• **Given material**:
+-------+
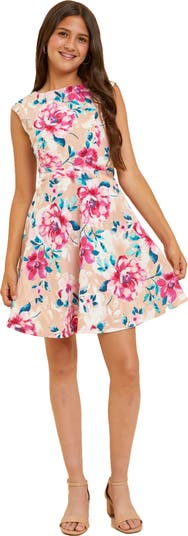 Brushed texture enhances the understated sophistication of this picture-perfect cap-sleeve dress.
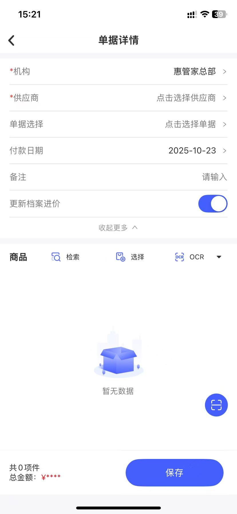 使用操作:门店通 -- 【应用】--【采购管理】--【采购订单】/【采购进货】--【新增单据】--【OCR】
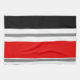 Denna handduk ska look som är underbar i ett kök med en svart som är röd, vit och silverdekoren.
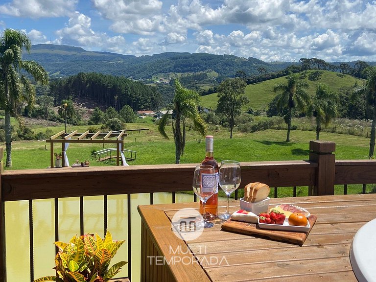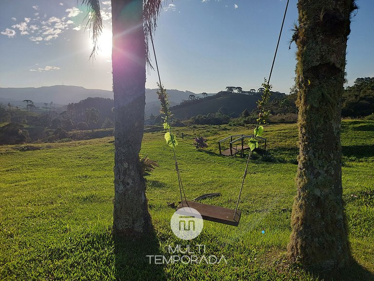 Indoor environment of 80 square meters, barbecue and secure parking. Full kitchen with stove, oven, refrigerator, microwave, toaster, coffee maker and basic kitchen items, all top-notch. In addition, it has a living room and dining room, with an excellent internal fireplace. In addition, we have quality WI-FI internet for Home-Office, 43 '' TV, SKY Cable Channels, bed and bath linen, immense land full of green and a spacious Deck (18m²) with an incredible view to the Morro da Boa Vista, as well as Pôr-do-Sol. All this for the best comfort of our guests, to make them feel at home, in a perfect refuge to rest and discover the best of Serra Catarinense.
+-------+
• **What you need to do**:
Copy exactly, and only, the lines from the first line of the material through the line that contains "Denna handduk ska", both ends kept; no pictures.

• **Exercise solution**:
 Brushed texture enhances the understated sophistication of this picture-perfect cap-sleeve dress.
 使用操作:门店通 -- 【应用】--【采购管理】--【采购订单】/【采购进货】--【新增单据】--【OCR】
 Denna handduk ska look som är underbar i ett kök med en svart som är röd, vit och silverdekoren.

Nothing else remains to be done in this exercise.